# Life magazine WW2 "How Detroit Won the War"



## syscom3 (Oct 21, 2009)

A photo series from Life magazine from WW2

WWII: How Detroit Won The War - Photo Gallery, 21 Pictures - LIFE


----------



## Aaron Brooks Wolters (Oct 21, 2009)

Cool Syscom, thanks for sharing.


----------



## RabidAlien (Oct 22, 2009)

Every time someone posts something like this, I lose HOURS of my life!  Great post, Sys!


----------



## wheelsup_cavu (Oct 24, 2009)

Great find Sys. 


Wheels


----------



## syscom3 (Oct 25, 2009)

Ive heard that the number of workers who were seriously injured or killed was staggering, almost like the factories themselves were battlegrounds.


----------



## proton45 (Oct 25, 2009)

Thanks, "LIFE" is such a great resource...


----------



## Pong (Oct 25, 2009)

Great post Sys, after this I've been more interested in WW2 photographs by Life Magazine.


----------



## gjs238 (Oct 28, 2009)

Pic 21 is a M3 Lee, not a Sherman.


----------



## Messy1 (Oct 28, 2009)

The scope of manufacturing in Detroit during WW2 always amazes me! It's mind boggling, I am sure the Axis felt the same way too!


----------



## gepp (Oct 28, 2009)

great stuff thanks


----------



## ToughOmbre (Oct 28, 2009)

gjs238 said:


> Pic 21 is a M3 Lee, not a Sherman.



Which was Bogie's ride in the 1943 movie "Sahara".

TO


----------



## diddyriddick (Oct 28, 2009)

Very cool, indeed! Pity that the motor city has fallen on such hard times.


----------



## renrich (Oct 28, 2009)

Good stuff, Sys. Many thanks. It was interesting seeing in the first picture, M3s and M4s on the same assembly line. Bogie had an M3. One of the best WW2 films IMO. Also interesting to see the racist signs in Michigan. One might have thought that only in the South would those signs be seen.


----------



## proton45 (Oct 28, 2009)

ToughOmbre said:


> Which was Bogie's ride in the 1943 movie "Sahara".
> 
> TO



Here are some snaps of the movie in question...


----------



## syscom3 (Oct 28, 2009)

renrich said:


> ..... Also interesting to see the racist signs in Michigan. One might have thought that only in the South would those signs be seen.

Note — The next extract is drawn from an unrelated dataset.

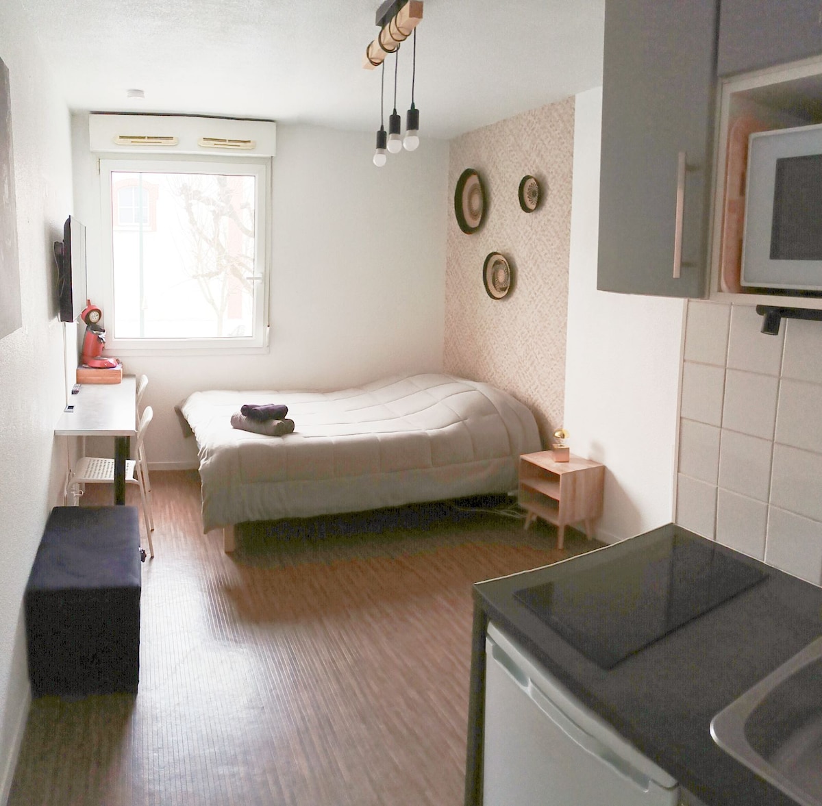 Studio 20 m2 10 minuto sa downtown Reims 12 minuto mula sa istasyon ng tren nang naglalakad , at 50 m mula sa istasyon ng bus, malapit sa mga tindahan at Arena , may bayad na paradahan sa harap ng studio, at may bayad na lugar na may kapansanan sa loob ng gusali. Available ( humiling ng token sa reception) libreng wifi sa pamamagitan ng pagkonekta sa internet portal

There were race riots in Detroit in 1943. I have to look up the details, but that would make for an interesting thread.


----------



## vikingBerserker (Oct 28, 2009)

Very cool ( not about the race riots).


----------



## wheelsup_cavu (Oct 29, 2009)

renrich said:


> Good stuff, Sys. Many thanks. It was interesting seeing in the first picture, M3s and M4s on the same assembly line. Bogie had an M3. One of the best WW2 films IMO. Also interesting to see the racist signs in Michigan. One might have thought that only in the South would those signs be seen.


There were racist signs like that in Illinois until the late 1950's, early 1960's according to my parents.
There were signs on the fountains, the bathrooms and the stores in Springfield including the government buildings in "The Land of Lincoln," the man who freed the slaves.


Wheels


----------